What is expected | The whole listing below, with no pictures, is to be repeated as it stands.

---------- Data for analysis

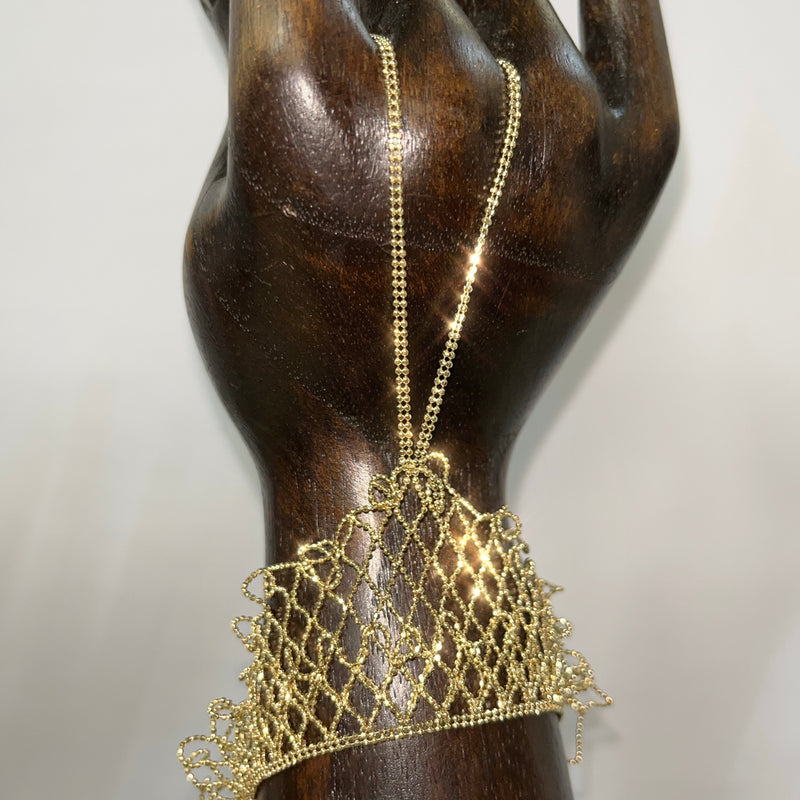 Beautiful Golden Lace 14K Yellow Gold Hand Chain Adjustable
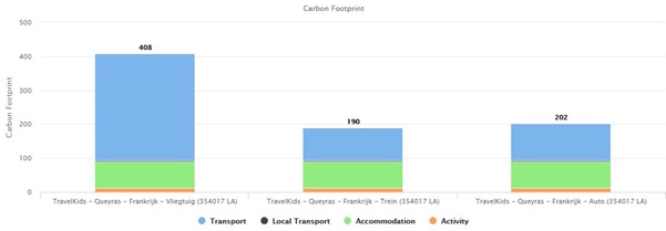 Op reis gaan betekent een onvermijdelijke CO2 voetafdruk. Zelfs deze reis naar de Queyras ontkomt daar niet aan. Hoe groot is mijn voetafdruk? In onderstaand diagram kun je zien welke voetafdruk jij achterlaat met je reis. Je ziet ook het verschil wanneer je per trein, per vliegtuig of per eigen auto reist.
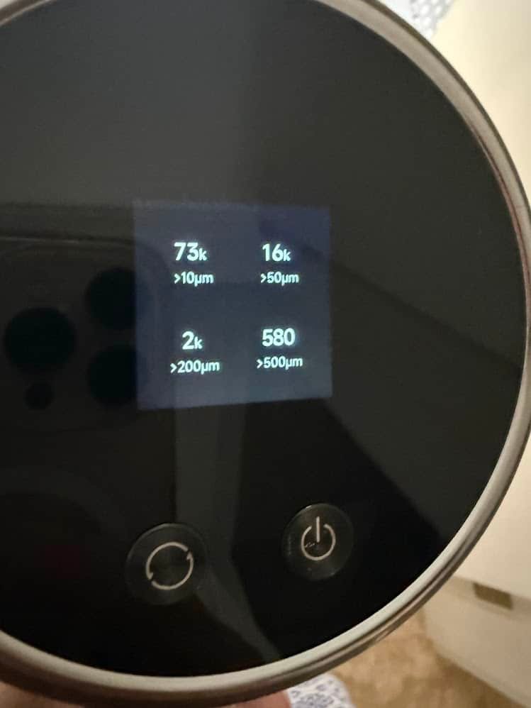 The display isn’t just showing battery and mode, (there are three: Eco, Auto and Turbo) it’s actively telling me what I’m cleaning in real time, like a horror movie, I am watching to see if the ‘mite visual’ goes off. There are four circular indicators, each representing different particle sizes:
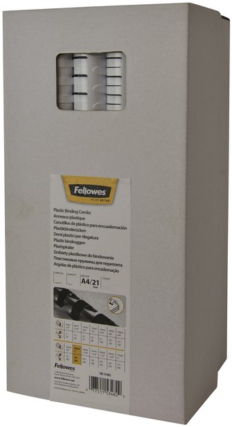De Fellowes inbindringen zijn gemaakt om uw documenten goed te beschermen en op orde te houden. Om uw kantoorwerk net en georganiseerd te houden Met 21 plastic bindruggen zorgt het voor strakke en fraaie presentatie. Door gebruik te maken van deze bindruggen weet u zeker dat de documenten die u inbind stevig ingebonden zullen blijven en niet beschadigd zullen worden. Met een inbindcapaciteit van 150 pagina's is dit de perfecte hoeveelheid voor een groot en uitgebreid verslag. Voor een mooie afwerking en bescherming van uw producten.
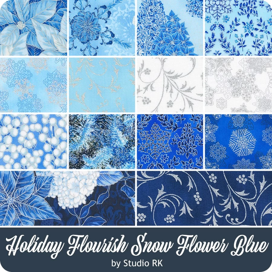 Blue Colorstory Holiday Flourish Snow Flower Charm PackStudio RK For Robert Kaufman Fabrics
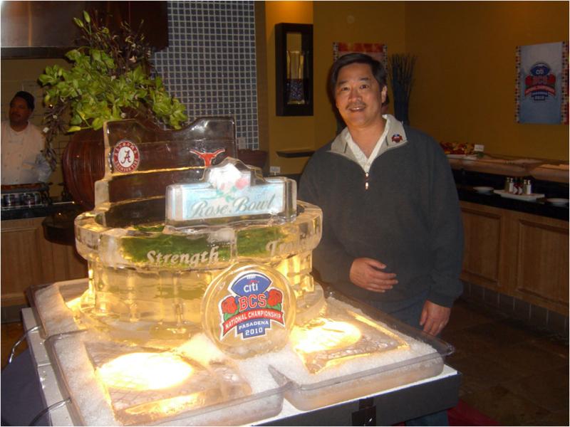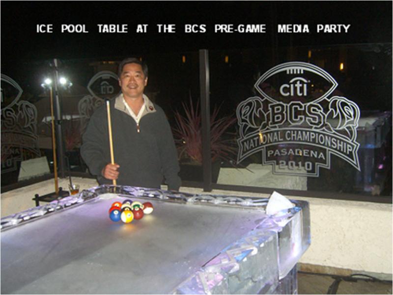 An ice pool table and an ice Rose Bowl sculpture could be found at the BCS pregame media party.

--------------------

Written reply |
 Beautiful Golden Lace 14K Yellow Gold Hand Chain Adjustable
 Op reis gaan betekent een onvermijdelijke CO2 voetafdruk. Zelfs deze reis naar de Queyras ontkomt daar niet aan. Hoe groot is mijn voetafdruk? In onderstaand diagram kun je zien welke voetafdruk jij achterlaat met je reis. Je ziet ook het verschil wanneer je per trein, per vliegtuig of per eigen auto reist.
 The display isn’t just showing battery and mode, (there are three: Eco, Auto and Turbo) it’s actively telling me what I’m cleaning in real time, like a horror movie, I am watching to see if the ‘mite visual’ goes off. There are four circular indicators, each representing different particle sizes:
De Fellowes inbindringen zijn gemaakt om uw documenten goed te beschermen en op orde te houden. Om uw kantoorwerk net en georganiseerd te houden Met 21 plastic bindruggen zorgt het voor strakke en fraaie presentatie. Door gebruik te maken van deze bindruggen weet u zeker dat de documenten die u inbind stevig ingebonden zullen blijven en niet beschadigd zullen worden. Met een inbindcapaciteit van 150 pagina's is dit de perfecte hoeveelheid voor een groot en uitgebreid verslag. Voor een mooie afwerking en bescherming van uw producten.
 Blue Colorstory Holiday Flourish Snow Flower Charm PackStudio RK For Robert Kaufman Fabrics
 An ice pool table and an ice Rose Bowl sculpture could be found at the BCS pregame media party.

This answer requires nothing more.